As the traditional machine learning setting assumes that the data are identically and independently distributed (i.i.d), this is quite like a perfect conditioned vacuum and seldom a real case in practical applications. Thus, the non-i.i.d learning (Cao, Ou, Yu & Wei 2010)(Cao, Ou & Yu 2012)(Cao 2014) has emerged as a powerful tool in describing the fundamental phenomena in the real world, as more factors to be well catered in this modelling. One critical factor in the non-i.i.d. learning is the relations among the data, ranging from the feature information, node partitioning to the correlation of the outcome, which is referred to as the coupling relation in the non-i.i.d. learning. In our work, we aim at uncovering this coupling relation with the nonparametric Bayesian relational models, that is, the data points in our work are supposed to be coupled with each other, and it is this coupling relation we are interested in for further investigation. The coupling relation is widely seen and motivated in real world applications, for example, the hidden structure learning in social networks for link prediction and structure understanding, the fraud detection in the transactional stock market, the protein interaction modelling in biology.
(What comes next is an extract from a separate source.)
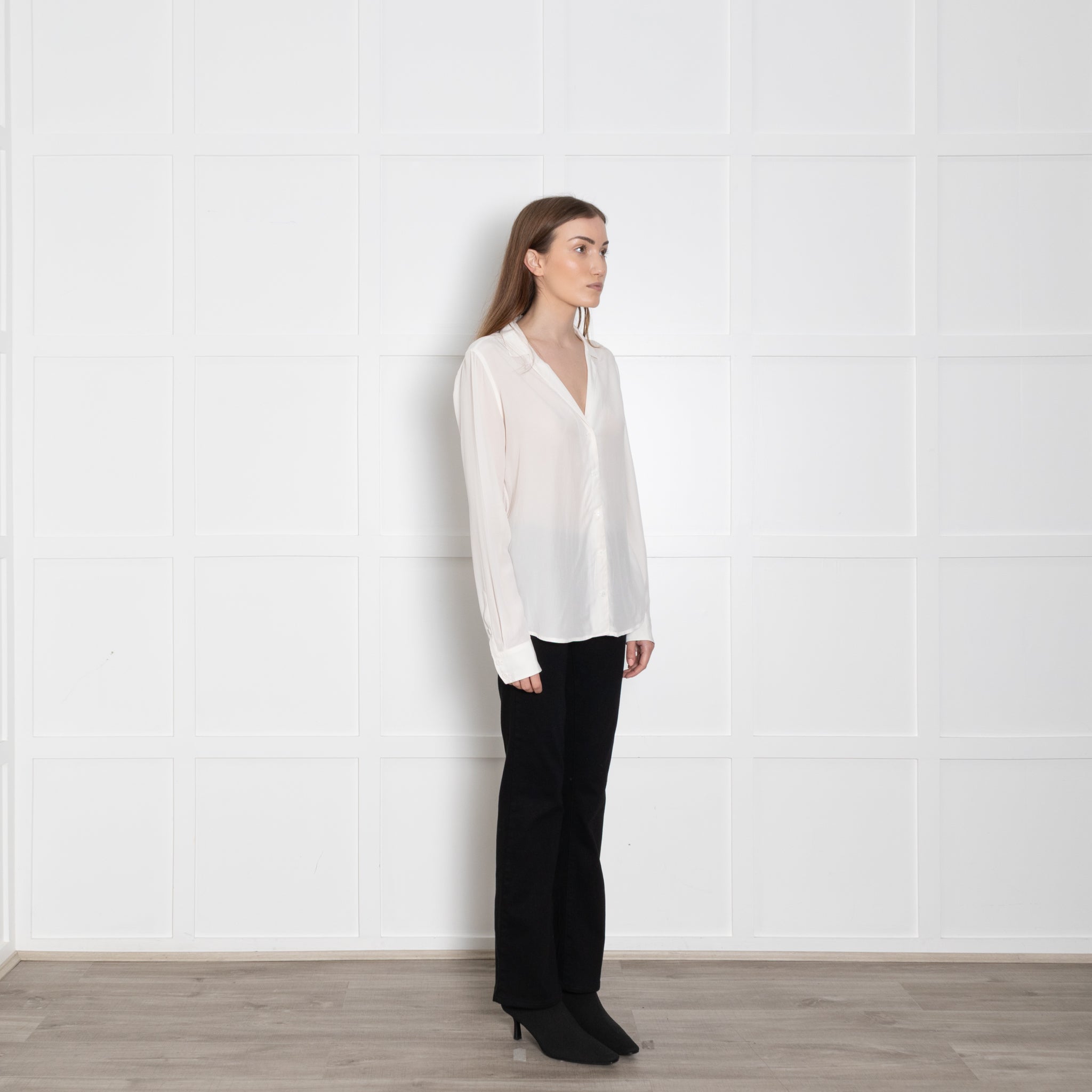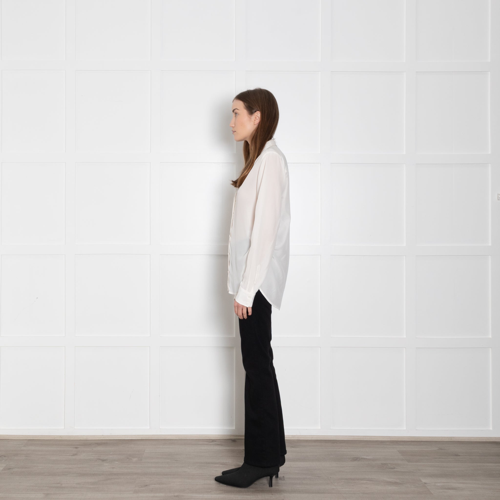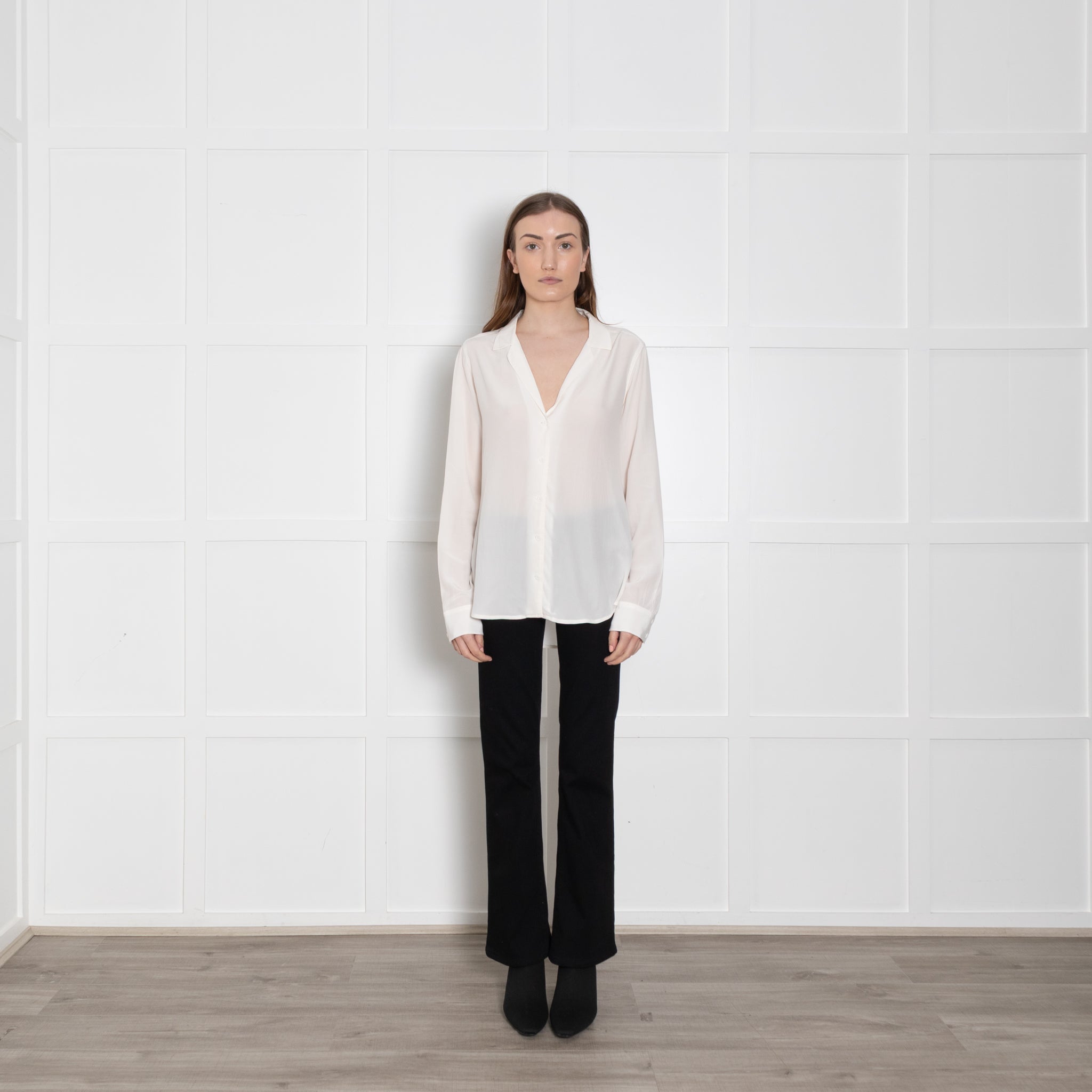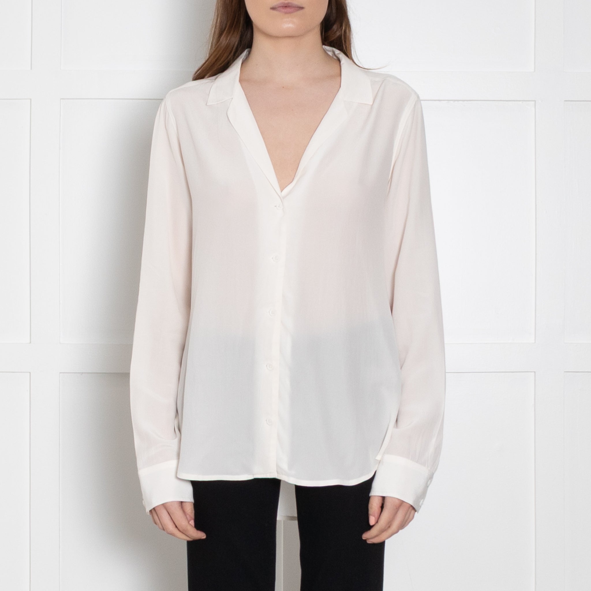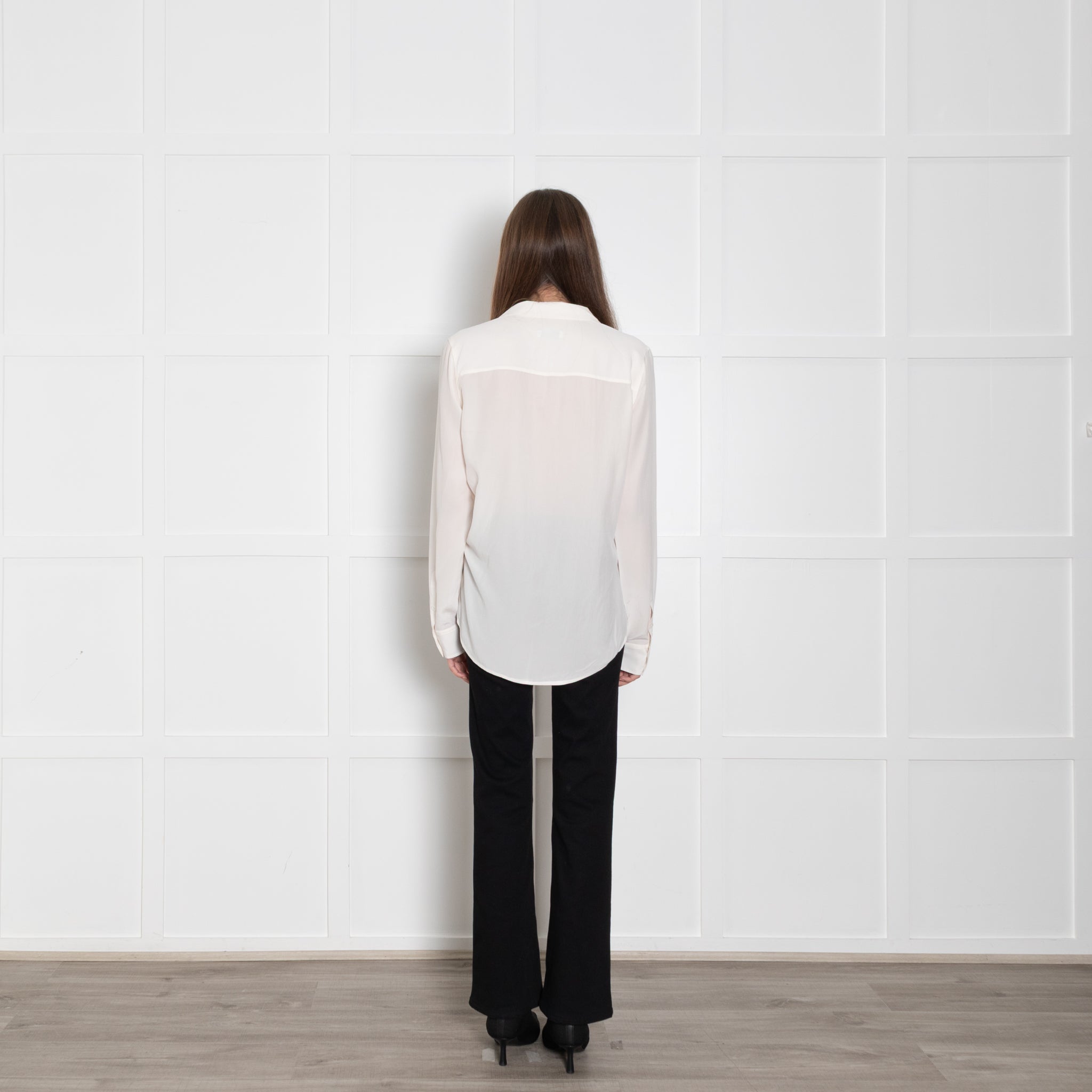 Equipment long-sleeve cream shirt, crafted with soft silk fabric, featuring a stunning classic collar and a button-up front closure design.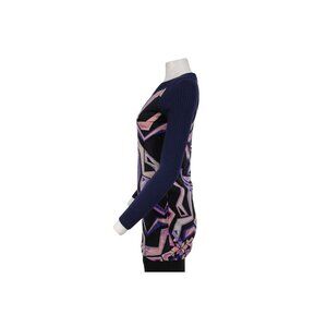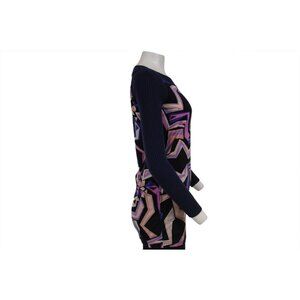 Emilio Pucci Womens Midi Long Sleeve Crew Neck Dress US 6 Blue Purple Wool Long

In this thesis, we are particularly interested in the learning and inferencing on the relational data, which is to further discover the coupling relation between the corresponding points. For the detail modelling perspective, we have focused on the framework of mixed-membership stochastic blockmodel, in which membership indicator and mixed-membership distribution are noted to represent the nodes’ belonging community for one relation and the histogram of all the belonging communities for one node. More specifically, we are trying to model the coupling relation through three different aspects: 1) the mixed-membership distributions’ coupling relation across the time. In this work, the coupling relation is reflected in the sticky phenomenon between the mixed-membership distributions in two consecutive time; 2) the membership indicators’ coupling relation, in which the Copula function is utilized to depict the coupling relation; 3) the node information and mixed-membership distribution’s coupling relation. This is achieved by the new proposal transform for the node information’s integration. As these three aspects describe the critical parts of the nodes’ interaction with the communities, we are hoping the complex hidden structures can thus be well studied. In all of the above extensions, we set the number of the communities in a nonparametric Bayesian prior (mainly Hierarchical Dirichlet Process), instead of fixing it as in the previous classical models. In such a way, the complexity of our model can grow along with the data size. That is to say, while we have more data, our model can have a larger amount of communities to account for them. This appealing property enables our models to fit the data better. Moreover, the nice formalization of the Hierarchical Dirichlet Process facilitates us to some benefits, such as the conjugate prior. Thus, this nonparametric Bayesian prior has introduced new elements to the coupling relations’ learning.
Under this varying backgrounds and scenarios, we have shown our proposed models and frameworks for learning the coupling relations are evidenced to outperform the state-of-the-art methods via literature explanation and empirical results. The outcomes are sequentially accepted by top journals. Therefore, the nonparametric Bayesian models in learning the coupling relations presents high research value and would still be attractive opportunities for further exploration and exploit.